Multi-factor experiments allow simultaneous tests of multiple hypotheses.  For example, if designed appropriately, an experiment with the two factors, Drug and Sex, would allow simultaneous tests of three hypotheses:

  1. Does the first factor (say, arbitrarily, Drug) affect the dependent- (i.e., y-) variable after accounting for effects of the second factor (Sex)?
  2. Does the second factor (Sex) affect the dependent- (i.e., y-) variable after accounting for effects of the first factor (Drug)?
  3. Does the effect of one factor (say, Drug) depend on the level of the other factor (say, Sex)?

These biological questions differ qualitatively from questions that a 1-Factor experiment would typically address.  Specifically, a 1-factor experiment allows comparison among levels of a single factor, without accounting for additional information.  By contrast, hypotheses that address the ‘main effects’ of a multi-Factor analysis (hypotheses I & ii) allows a researcher compare levels of one main effect (say, Drug) while averaging over the effects of the other main(s) effect (say, Sex).  This allows a researcher to make comparisons among levels of one factor while controlling for effects of another factor(s) in the model.  Further, the third hypothesis, above, introduces another very different and useful perspective / hypothesis, which we discuss more in a moment.

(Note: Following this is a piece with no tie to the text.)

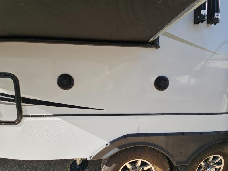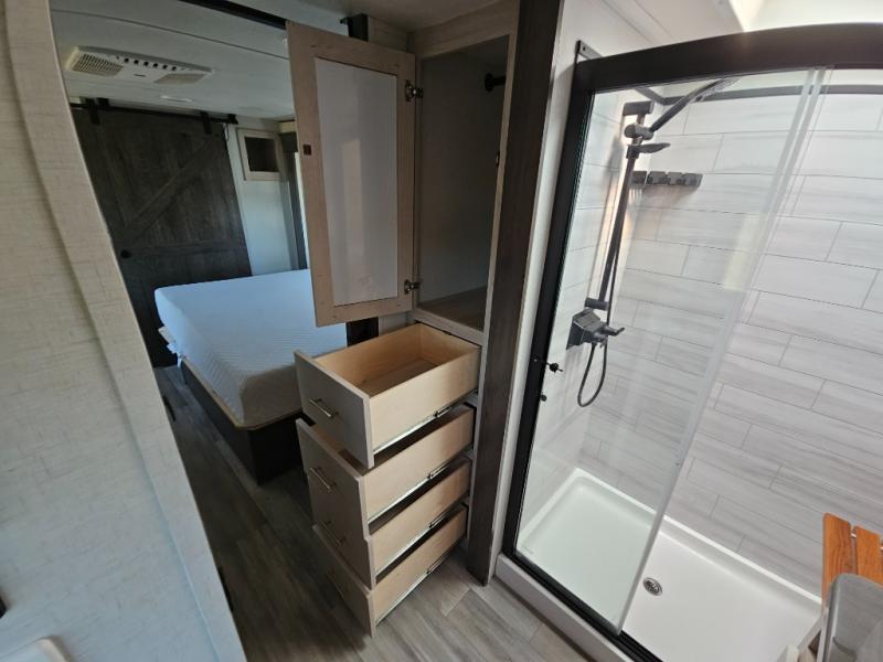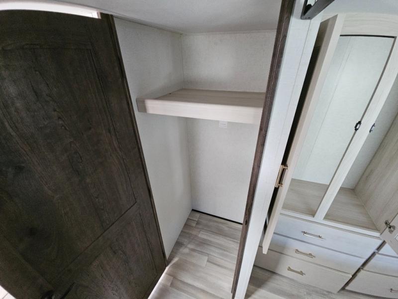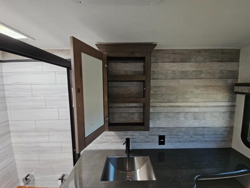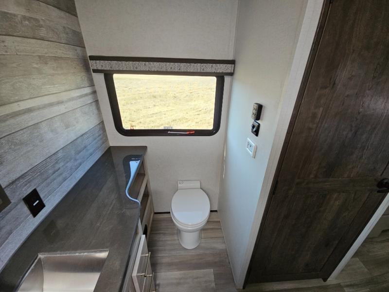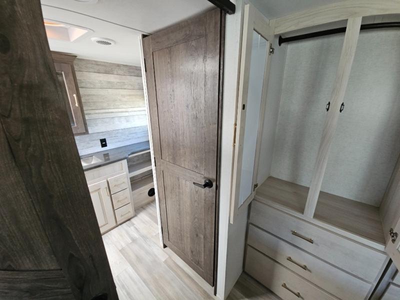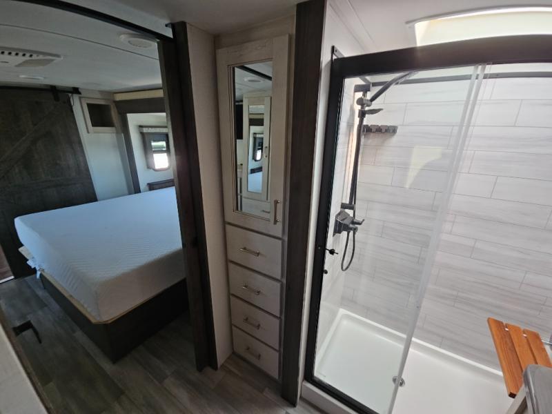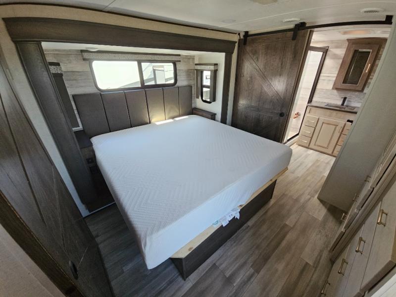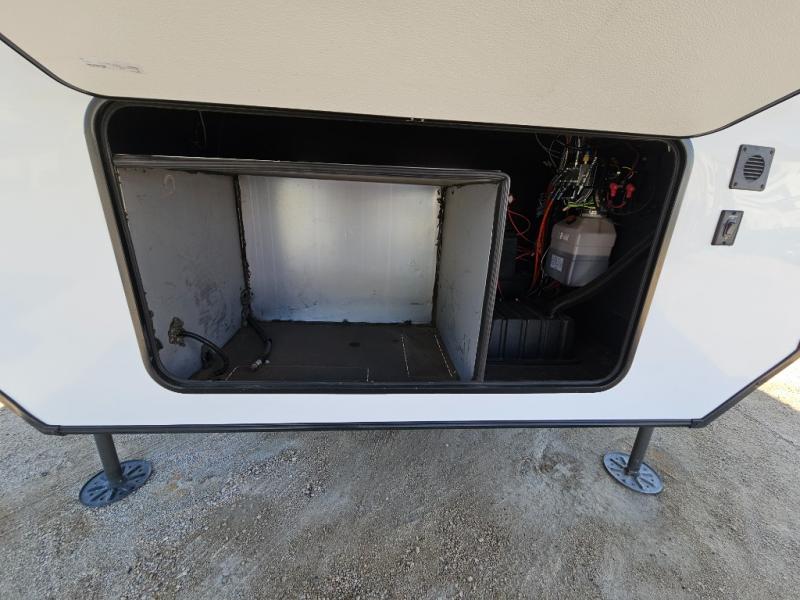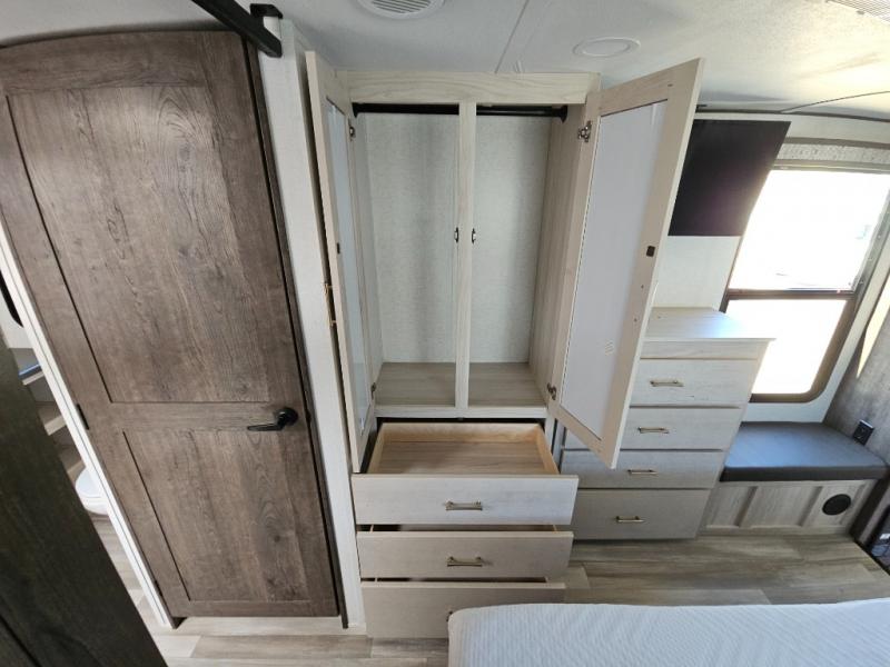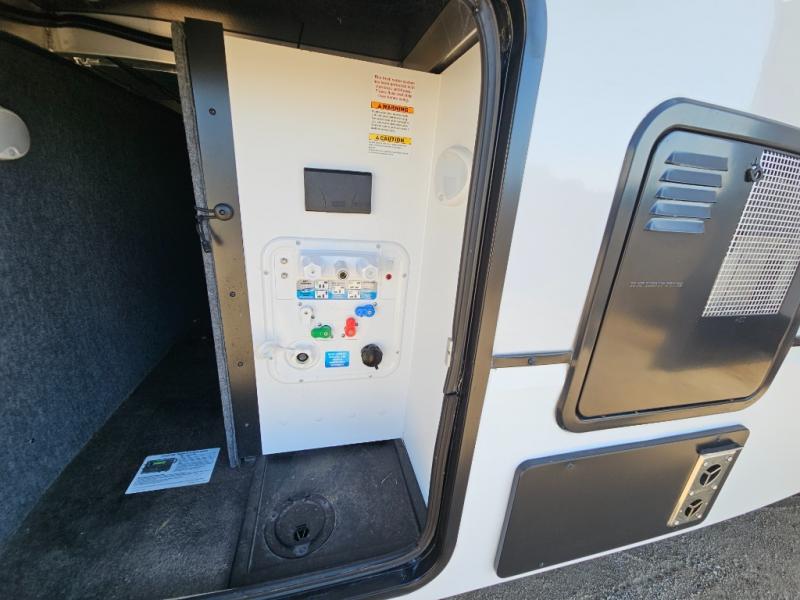An active family will want this fifth wheel with its exterior basement pull-out tray that measures at 48" x 115" to load up your kayaks and such. Just above this area is the master suite with a rear bathroom that offers a residential shower, a porcelain toilet with soft close seat, plus a wardrobe and shelf storage. The king bed slide gives you more floor space, and you will have a seat, a flip-top dresser, and a Smart TV to watch. The half bath is next to the main entry which is super convenient, and the middle kitchen is separate from the front living area. The cook will love the residential microwave, range and oven, plus the option to add a residential refrigerator, plus the pantry, and the extra counter space on the kitchen island with a stainless steel farm sink. And the views out of the atrium windows in the slide out which includes the floating dinette table are a must see. And when you need to watch the big game, the 55" Smart TV with pull-out fireplace below are up front with the dual recliner love seat and two sleeper sofas.

The preceding paragraph highlights that different experimental designs allow researchers to address qualitatively different biological questions.  Hence, understanding experimental design and data analysis, generally, increases the diversity of biological questions a researcher may ask.  (On a personal note, this insight was what turned me on to understanding experimental design and data analysis.  As I learned more about experimental design I became aware of more types of biological questions I could address, which was exciting and empowering.)

The third hypothesis (iii), above, is called an ‘interaction’.  Generally speaking, ‘interactions’ are not more biologically important than the first two hypotheses (i & ii) regarding ‘main effects’.  However we will spend more time thinking about interactions than main effects in this Chapter because interpreting interactions can be subtler.  In the context of the 2-Factor, Drug and Sex experiment, above, evidence for an interaction between Drug and Sex would imply that the effect of Drug treatments differ between females and males. 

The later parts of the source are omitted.